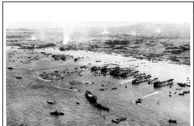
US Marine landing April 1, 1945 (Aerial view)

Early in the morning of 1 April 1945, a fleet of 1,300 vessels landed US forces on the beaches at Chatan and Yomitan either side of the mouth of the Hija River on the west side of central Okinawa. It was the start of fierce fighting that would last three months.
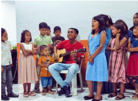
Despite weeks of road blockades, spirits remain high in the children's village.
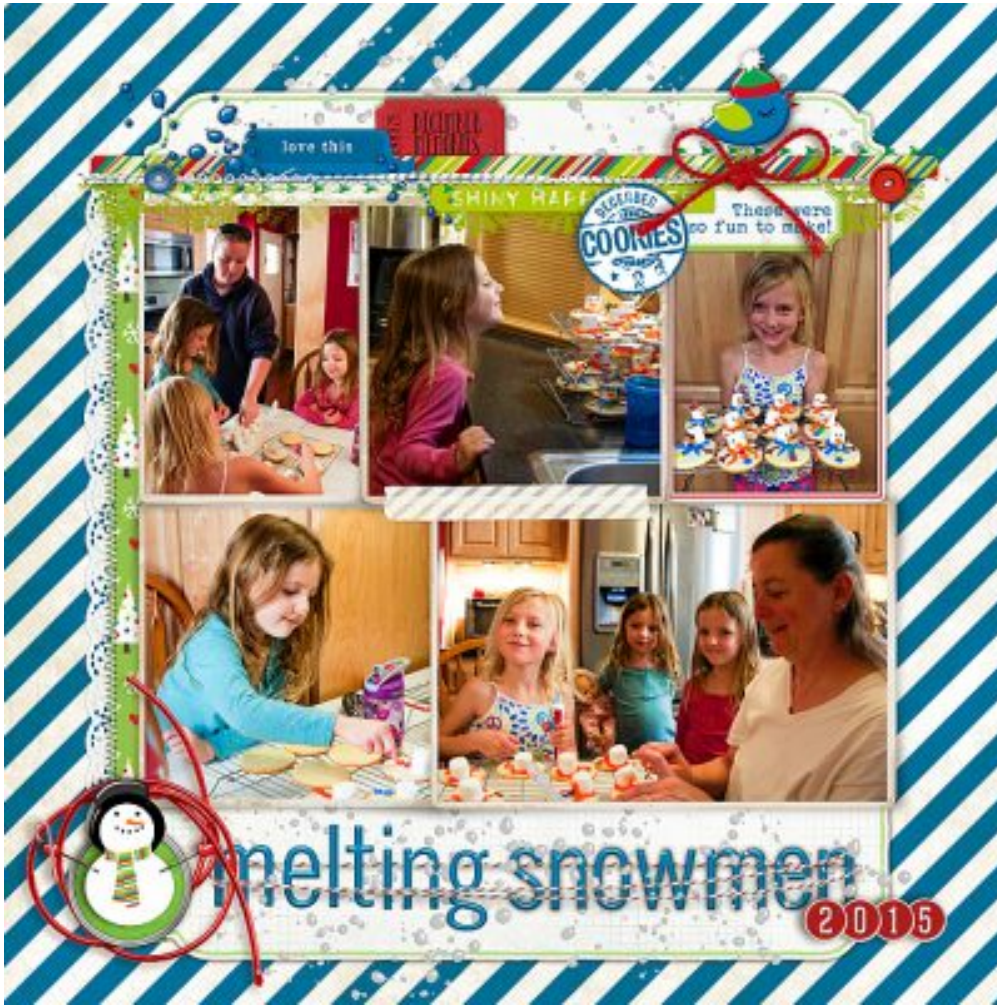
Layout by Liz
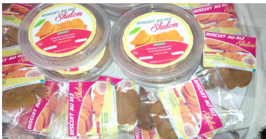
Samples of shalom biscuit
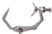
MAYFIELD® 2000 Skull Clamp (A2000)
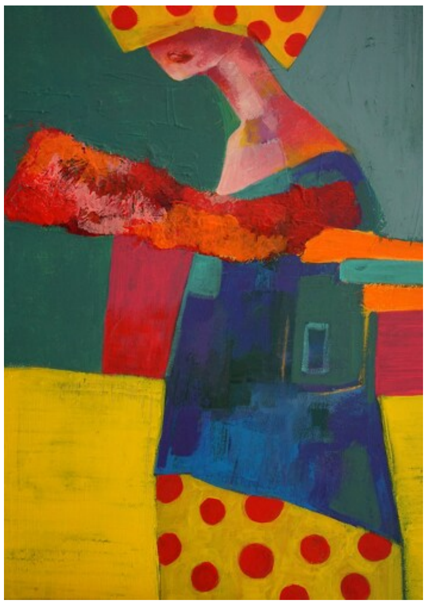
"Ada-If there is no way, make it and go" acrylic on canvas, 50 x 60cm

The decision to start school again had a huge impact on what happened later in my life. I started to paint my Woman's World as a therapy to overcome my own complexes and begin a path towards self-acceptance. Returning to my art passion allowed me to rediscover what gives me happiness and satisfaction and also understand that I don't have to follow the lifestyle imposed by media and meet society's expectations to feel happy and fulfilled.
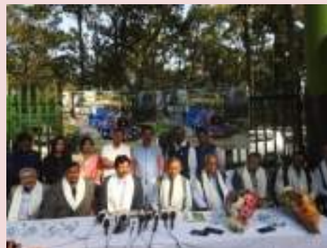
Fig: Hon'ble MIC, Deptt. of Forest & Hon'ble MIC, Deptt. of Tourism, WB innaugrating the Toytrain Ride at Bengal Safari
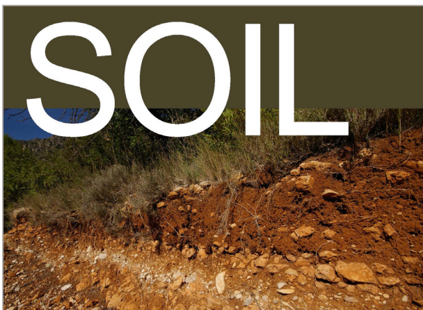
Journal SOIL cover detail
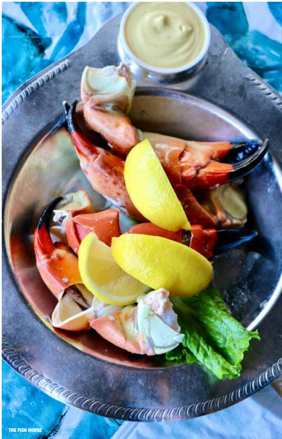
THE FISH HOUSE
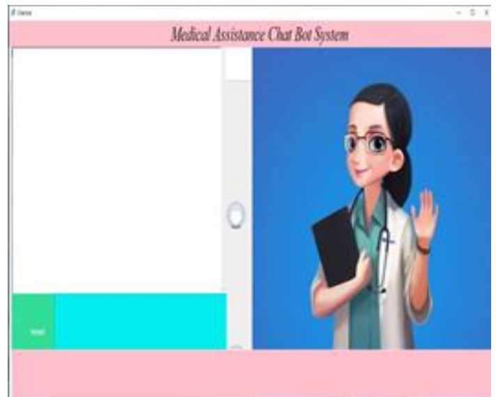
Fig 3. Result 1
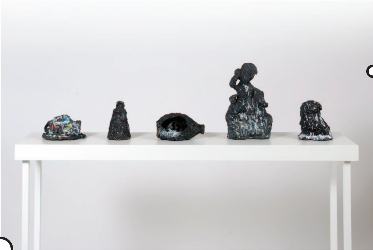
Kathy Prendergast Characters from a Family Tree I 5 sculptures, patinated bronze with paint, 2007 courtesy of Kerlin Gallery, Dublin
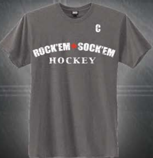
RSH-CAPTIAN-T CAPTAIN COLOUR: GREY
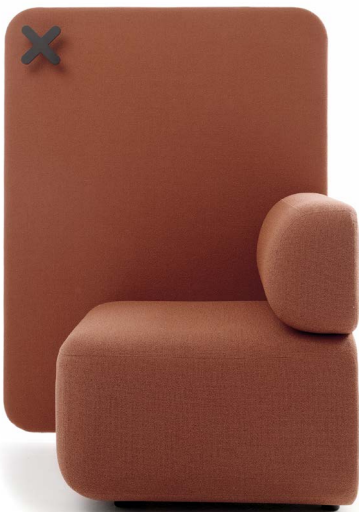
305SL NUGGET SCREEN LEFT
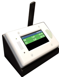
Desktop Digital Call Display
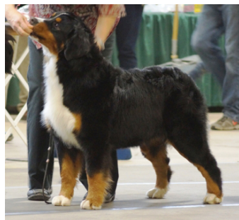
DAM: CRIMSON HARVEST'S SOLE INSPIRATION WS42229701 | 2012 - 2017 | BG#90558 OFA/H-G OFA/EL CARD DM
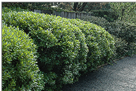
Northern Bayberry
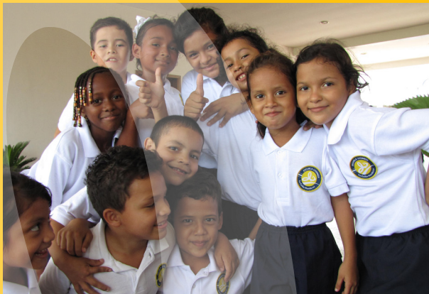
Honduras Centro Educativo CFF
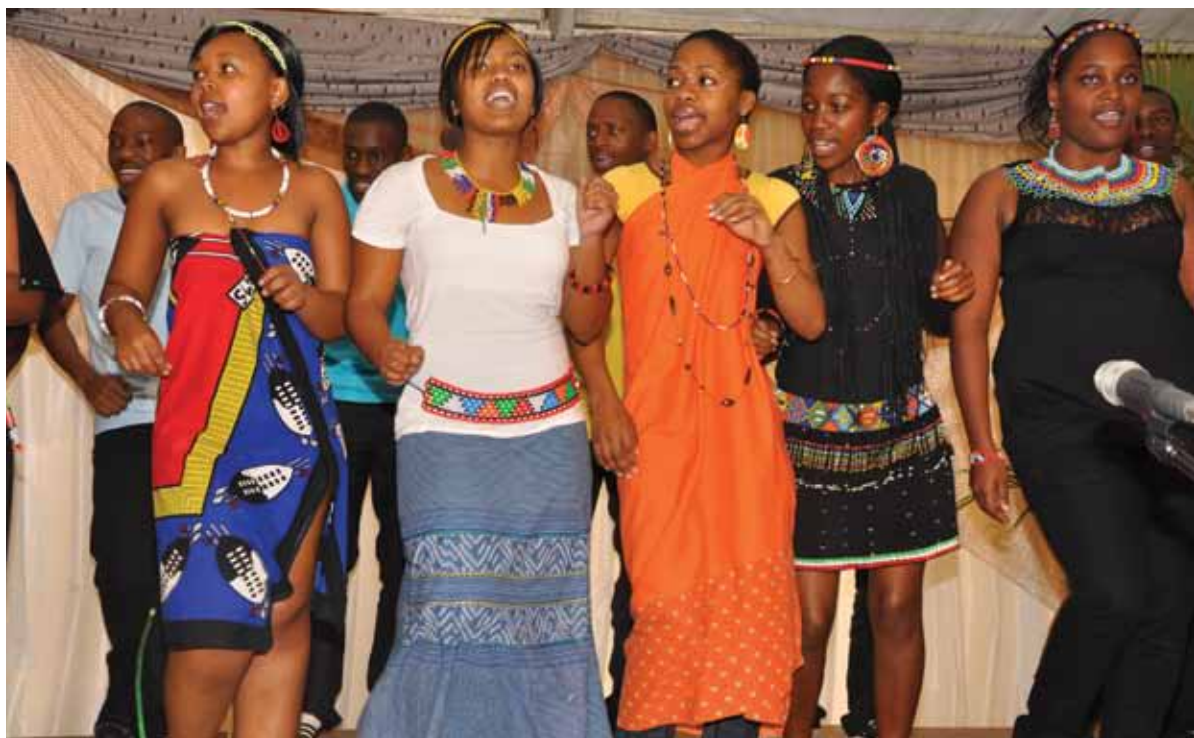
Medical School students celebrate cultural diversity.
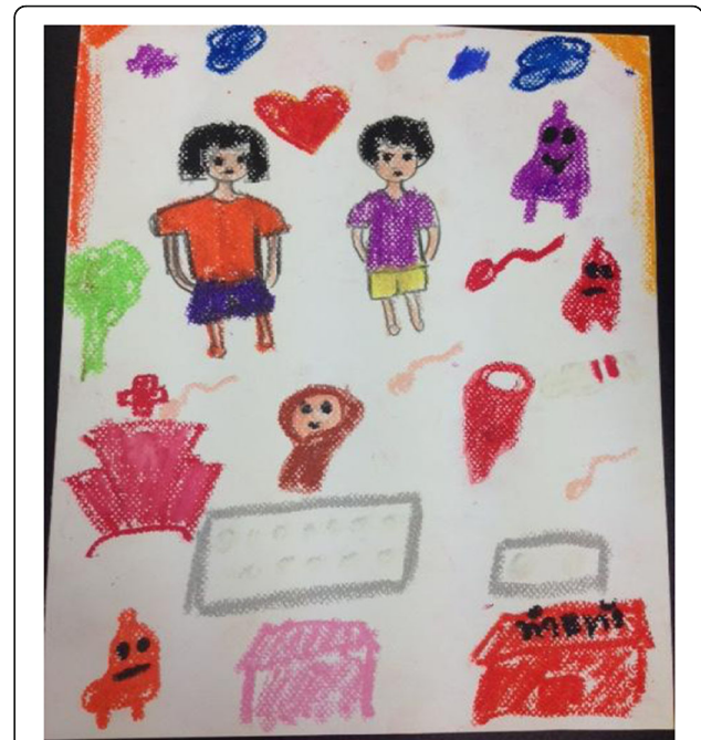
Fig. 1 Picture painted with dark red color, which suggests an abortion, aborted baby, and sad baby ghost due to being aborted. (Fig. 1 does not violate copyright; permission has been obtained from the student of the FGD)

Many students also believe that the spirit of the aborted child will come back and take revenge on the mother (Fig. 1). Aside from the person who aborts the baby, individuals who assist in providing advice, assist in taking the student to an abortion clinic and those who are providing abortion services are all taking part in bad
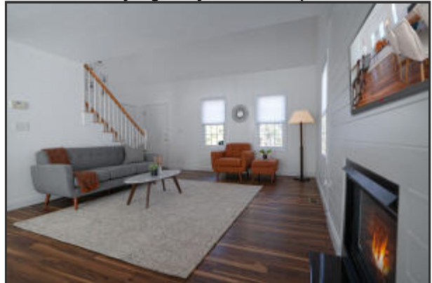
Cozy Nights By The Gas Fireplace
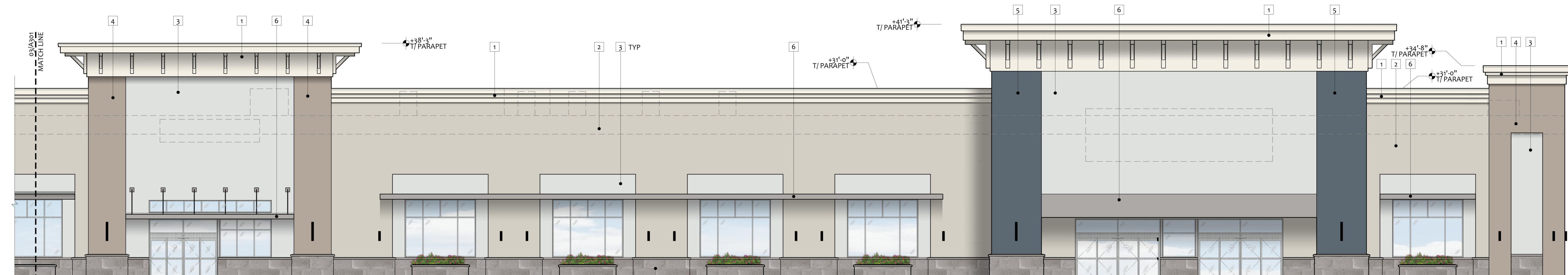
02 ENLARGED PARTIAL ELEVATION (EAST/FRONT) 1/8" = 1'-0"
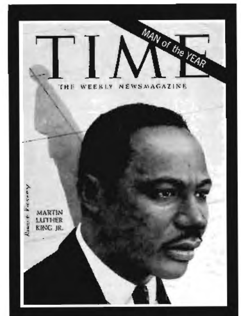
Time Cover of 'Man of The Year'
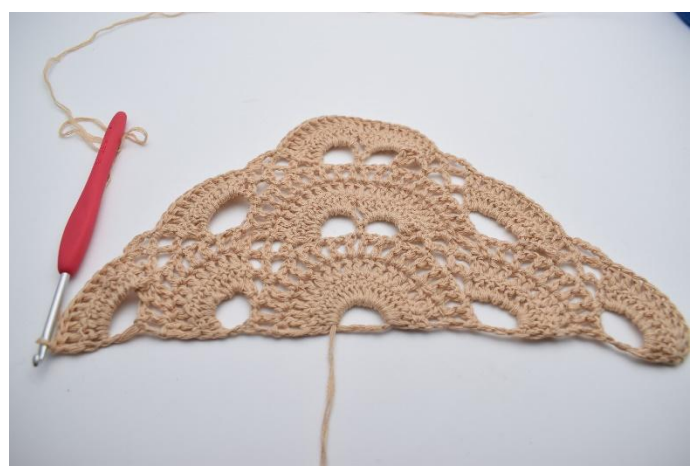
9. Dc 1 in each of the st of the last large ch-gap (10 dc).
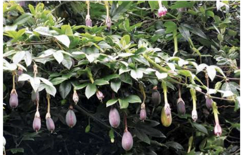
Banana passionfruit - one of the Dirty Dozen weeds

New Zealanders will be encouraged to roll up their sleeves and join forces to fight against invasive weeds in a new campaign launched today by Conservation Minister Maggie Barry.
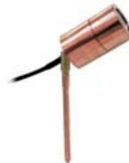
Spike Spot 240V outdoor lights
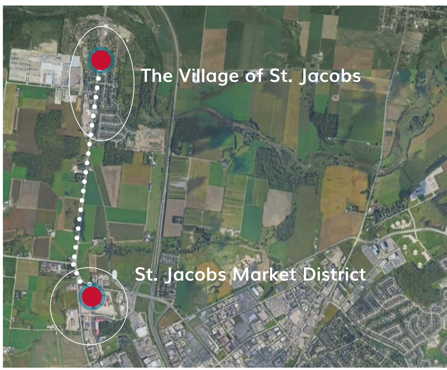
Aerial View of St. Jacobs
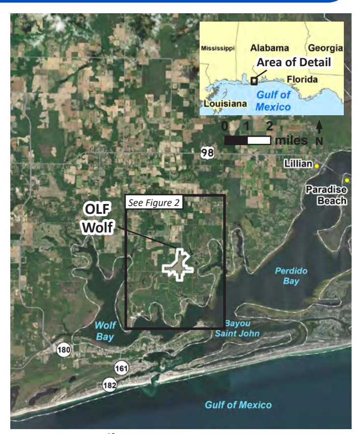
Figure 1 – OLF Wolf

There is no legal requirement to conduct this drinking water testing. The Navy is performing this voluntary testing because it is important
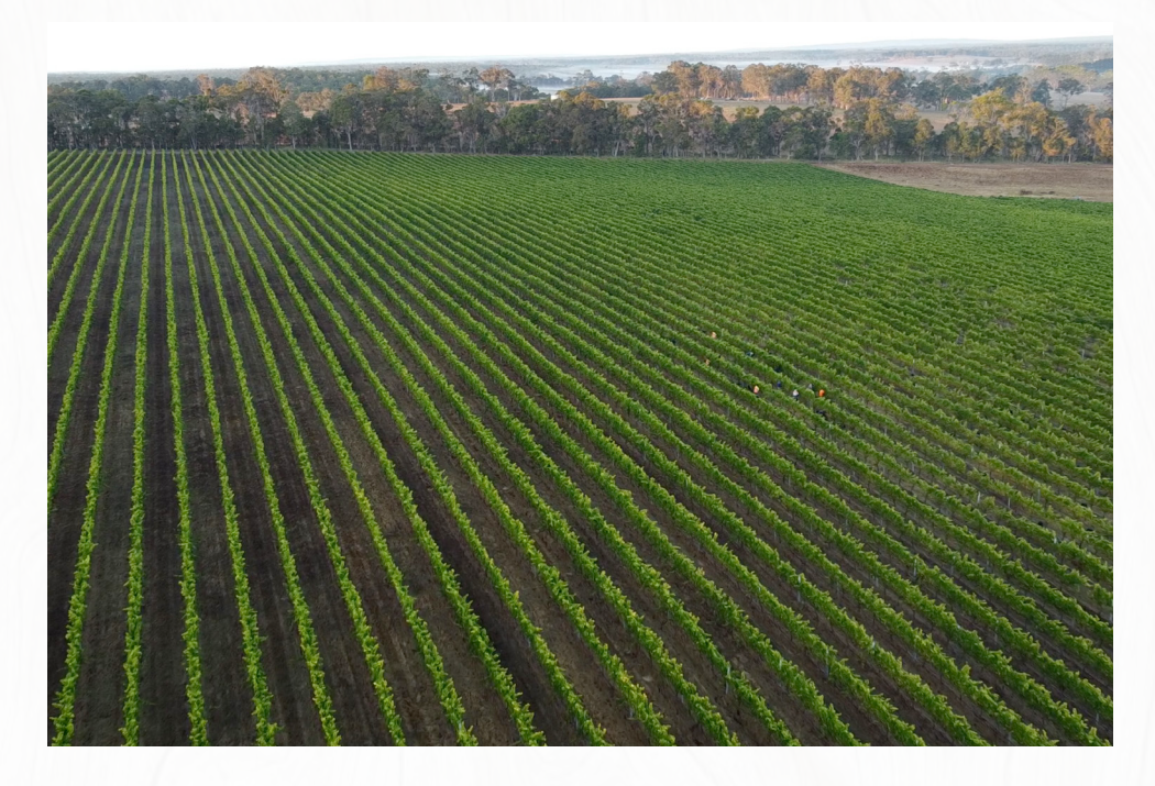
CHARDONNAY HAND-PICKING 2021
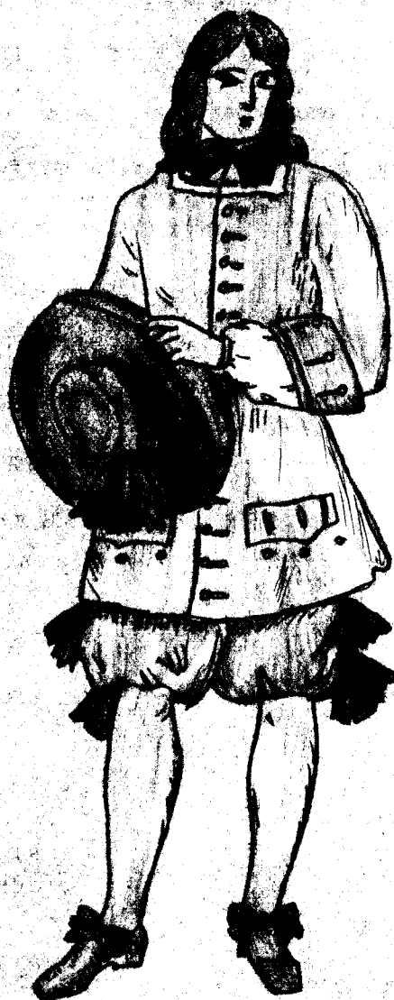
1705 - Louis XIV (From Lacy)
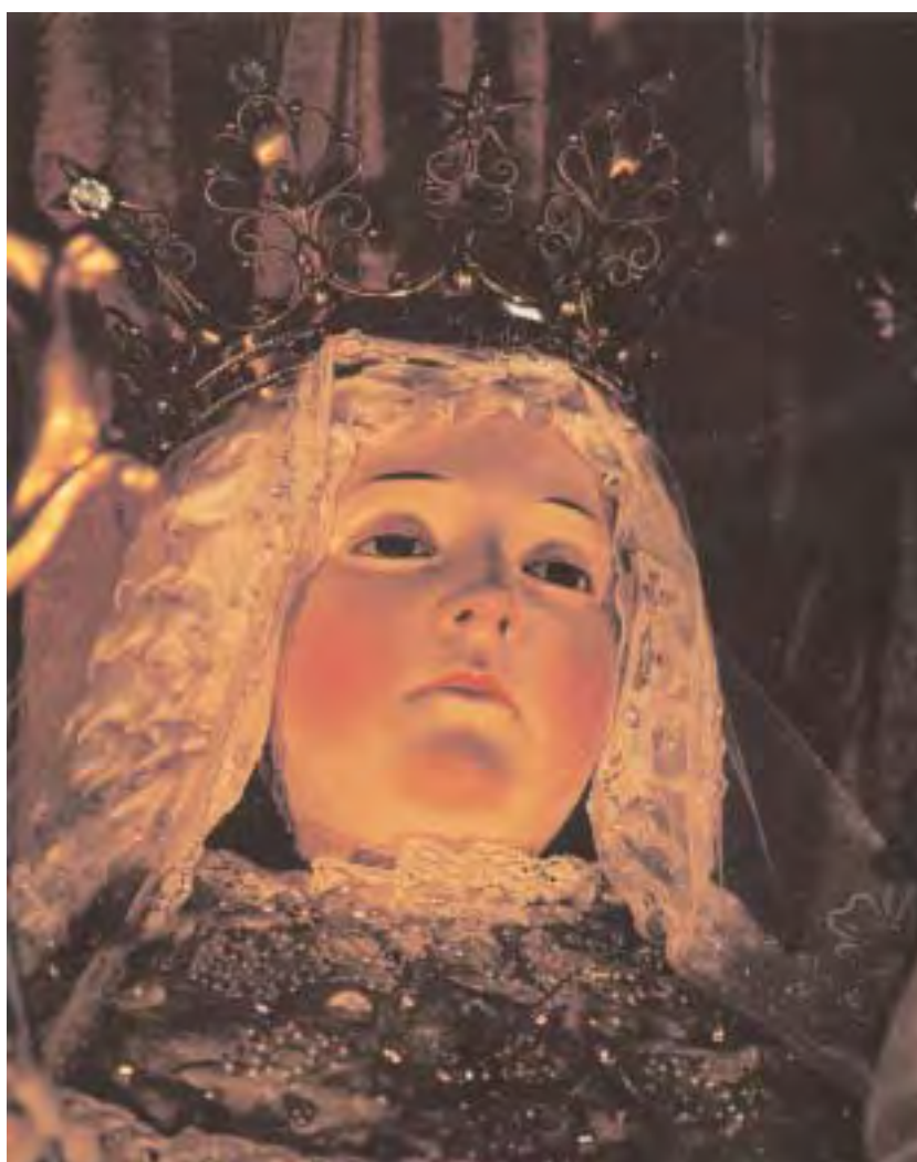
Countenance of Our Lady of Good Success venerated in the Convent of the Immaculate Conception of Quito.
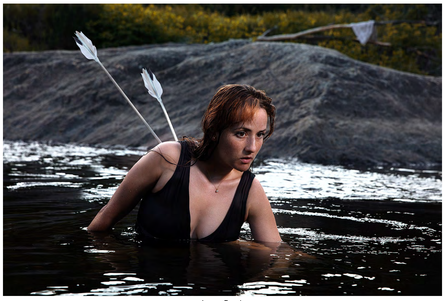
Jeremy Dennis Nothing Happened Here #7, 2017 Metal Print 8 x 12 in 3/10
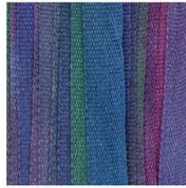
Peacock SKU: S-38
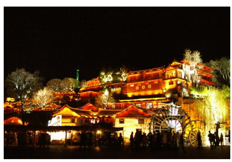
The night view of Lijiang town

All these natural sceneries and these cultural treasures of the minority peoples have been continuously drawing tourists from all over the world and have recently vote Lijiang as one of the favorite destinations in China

**THE TASK:** Begin at the top of the records above and retype each line exactly until the line containing "305SL NUGGET SCREEN LEFT", which is included. Skip all pictures.

**SOLUTION:**
US Marine landing April 1, 1945 (Aerial view)

Early in the morning of 1 April 1945, a fleet of 1,300 vessels landed US forces on the beaches at Chatan and Yomitan either side of the mouth of the Hija River on the west side of central Okinawa. It was the start of fierce fighting that would last three months.
Despite weeks of road blockades, spirits remain high in the children's village.
Layout by Liz
Samples of shalom biscuit
MAYFIELD® 2000 Skull Clamp (A2000)
"Ada-If there is no way, make it and go" acrylic on canvas, 50 x 60cm

The decision to start school again had a huge impact on what happened later in my life. I started to paint my Woman's World as a therapy to overcome my own complexes and begin a path towards self-acceptance. Returning to my art passion allowed me to rediscover what gives me happiness and satisfaction and also understand that I don't have to follow the lifestyle imposed by media and meet society's expectations to feel happy and fulfilled.
Fig: Hon'ble MIC, Deptt. of Forest & Hon'ble MIC, Deptt. of Tourism, WB innaugrating the Toytrain Ride at Bengal Safari
Journal SOIL cover detail
THE FISH HOUSE
Fig 3. Result 1
Kathy Prendergast Characters from a Family Tree I 5 sculptures, patinated bronze with paint, 2007 courtesy of Kerlin Gallery, Dublin
RSH-CAPTIAN-T CAPTAIN COLOUR: GREY
305SL NUGGET SCREEN LEFT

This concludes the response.